**Stored data**.
■ ■ ■ ■ ■

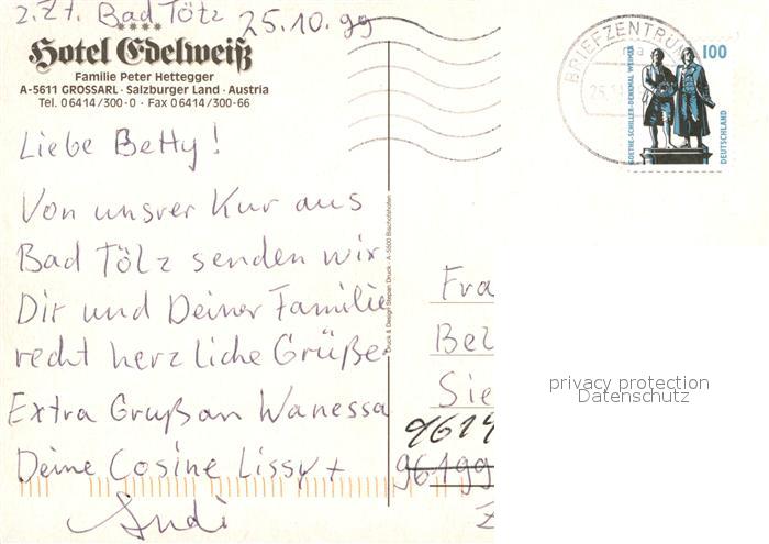 12909754 alte Postkarte Grossarl Hotel Edelweiss postalisch gelaufen Erhaltung siehe scans [AndreD76] KatCode: 11390322050411
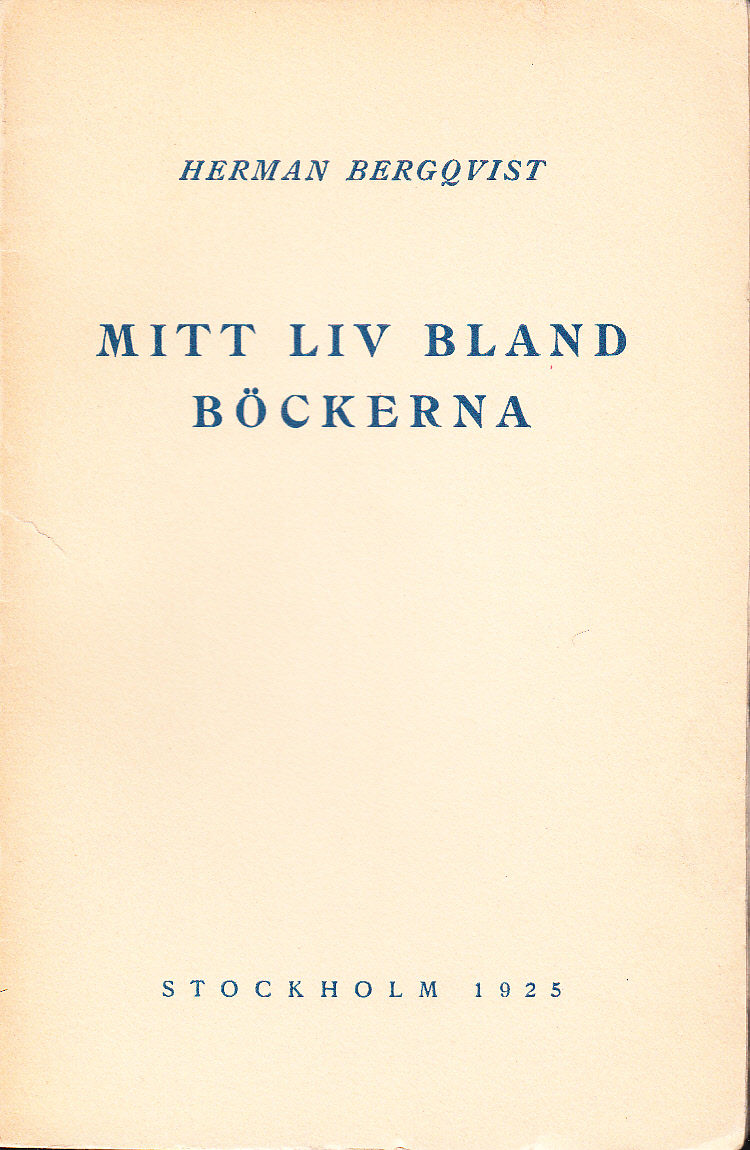 Stockholm, Alb. Bonniers Boktryckeri, 1925. 8:o. 67 s., 9 pl.-bl. Illustrerad. Trådhäftad med styvt tryckt pappersomslag. Tillskrift ‘Arvid Olsson, vänskapsfullt, Herman Bergqvist’ på halvtitelbladet.
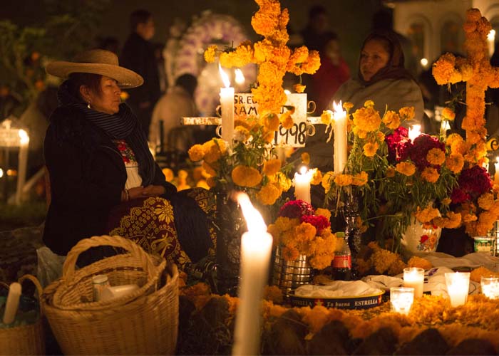 En el panteón de Tzurumútaro, un pueblo del municipio de Pátzcuaro del estado de Michoacán, centenares de personas pasan la noche a la intemperie, cobijados por sus familiares muertos, a quienes velan, e incluso hablan, durante toda la noche.

■ ■ ■ ■ ■

**Task brief**.
Write out, exactly and only, the lines from the one containing "Stockholm, Alb. Bonniers" through the last line of the material above. Pictures do not go in the copy.

**Exercise solution**.
 Stockholm, Alb. Bonniers Boktryckeri, 1925. 8:o. 67 s., 9 pl.-bl. Illustrerad. Trådhäftad med styvt tryckt pappersomslag. Tillskrift ‘Arvid Olsson, vänskapsfullt, Herman Bergqvist’ på halvtitelbladet.
 En el panteón de Tzurumútaro, un pueblo del municipio de Pátzcuaro del estado de Michoacán, centenares de personas pasan la noche a la intemperie, cobijados por sus familiares muertos, a quienes velan, e incluso hablan, durante toda la noche.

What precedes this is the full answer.